→ **Given records**:
= Beginning of Section =

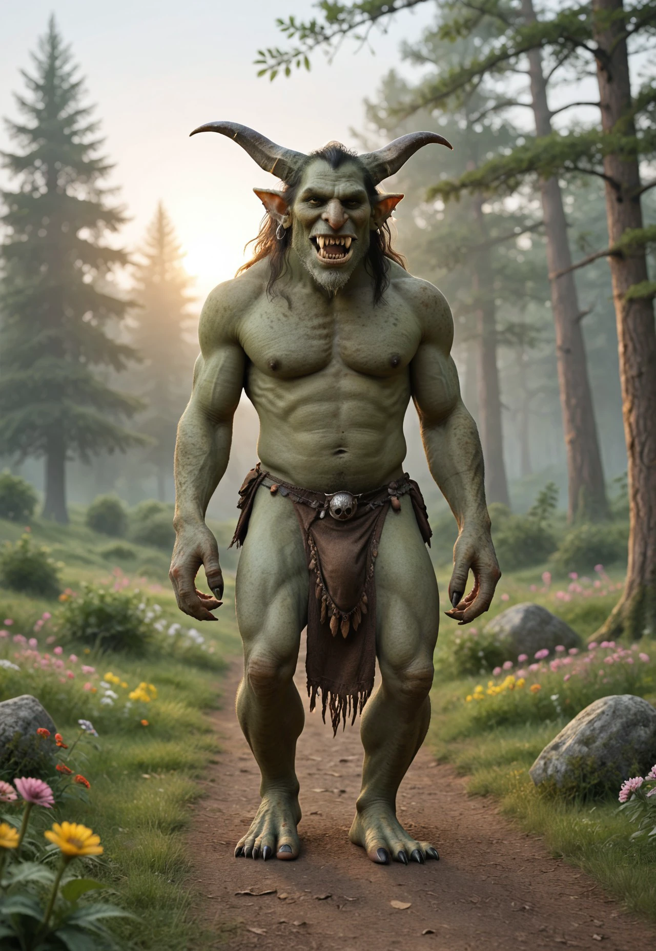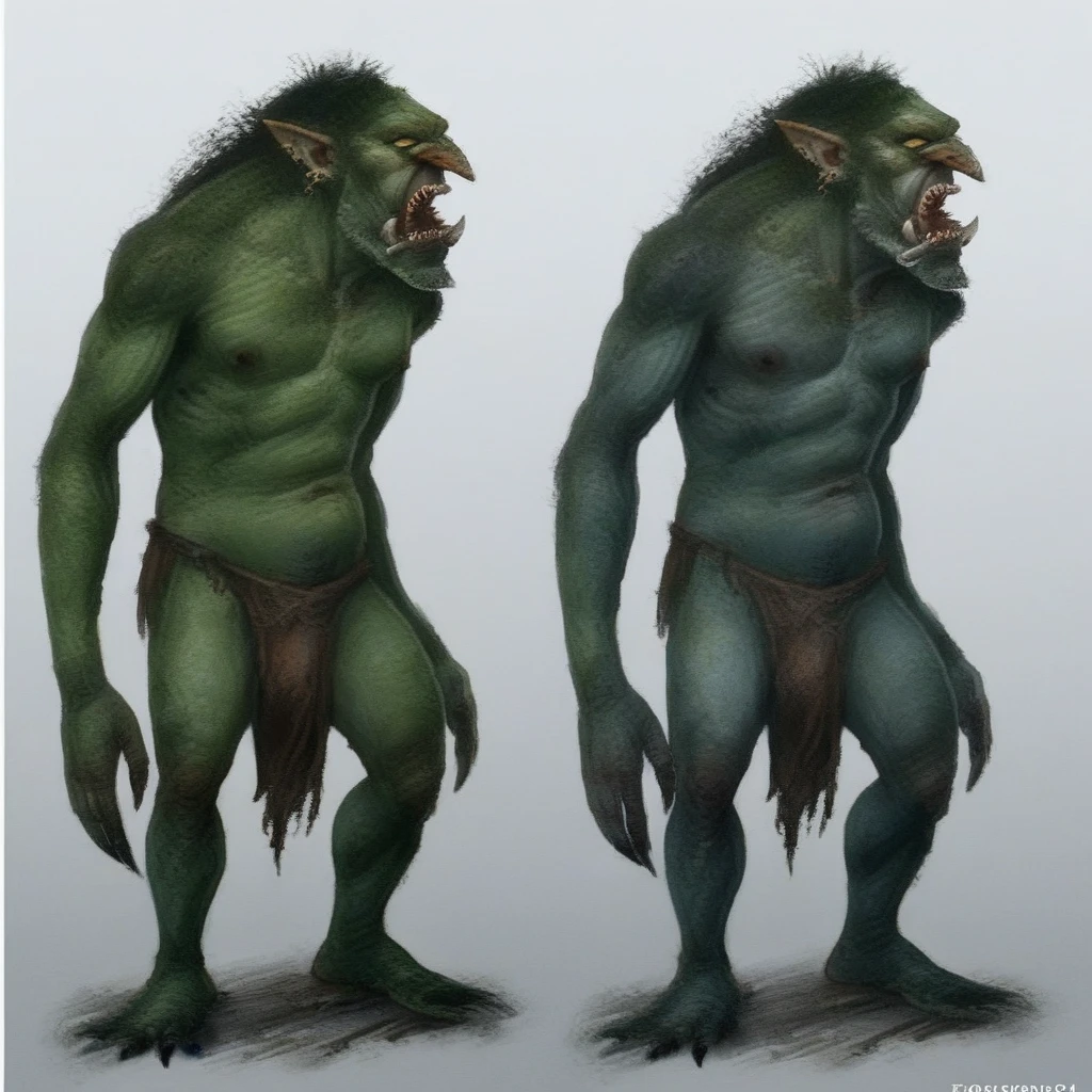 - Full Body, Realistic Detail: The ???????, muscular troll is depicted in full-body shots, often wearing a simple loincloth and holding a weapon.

= End of Section =
= Beginning of Section =

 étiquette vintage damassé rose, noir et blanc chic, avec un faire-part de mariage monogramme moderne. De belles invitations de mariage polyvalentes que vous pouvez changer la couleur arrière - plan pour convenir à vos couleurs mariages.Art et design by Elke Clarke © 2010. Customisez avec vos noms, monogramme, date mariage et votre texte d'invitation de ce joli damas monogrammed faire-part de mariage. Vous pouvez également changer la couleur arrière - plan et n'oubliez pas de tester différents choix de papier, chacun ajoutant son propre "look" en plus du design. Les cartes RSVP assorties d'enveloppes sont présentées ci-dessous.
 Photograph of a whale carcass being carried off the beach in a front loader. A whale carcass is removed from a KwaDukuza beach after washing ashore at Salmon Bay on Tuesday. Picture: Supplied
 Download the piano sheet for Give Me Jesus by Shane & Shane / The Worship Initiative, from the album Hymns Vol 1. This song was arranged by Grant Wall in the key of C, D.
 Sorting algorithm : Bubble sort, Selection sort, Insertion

= End of Section =

→ **Task to complete**: Your task is to restate, word for word, only those lines above that fall between the line holding "Download the piano" and the line holding "Sorting algorithm : Bubble", inclusive.

→ **Task output**:
 Download the piano sheet for Give Me Jesus by Shane & Shane / The Worship Initiative, from the album Hymns Vol 1. This song was arranged by Grant Wall in the key of C, D.
 Sorting algorithm : Bubble sort, Selection sort, Insertion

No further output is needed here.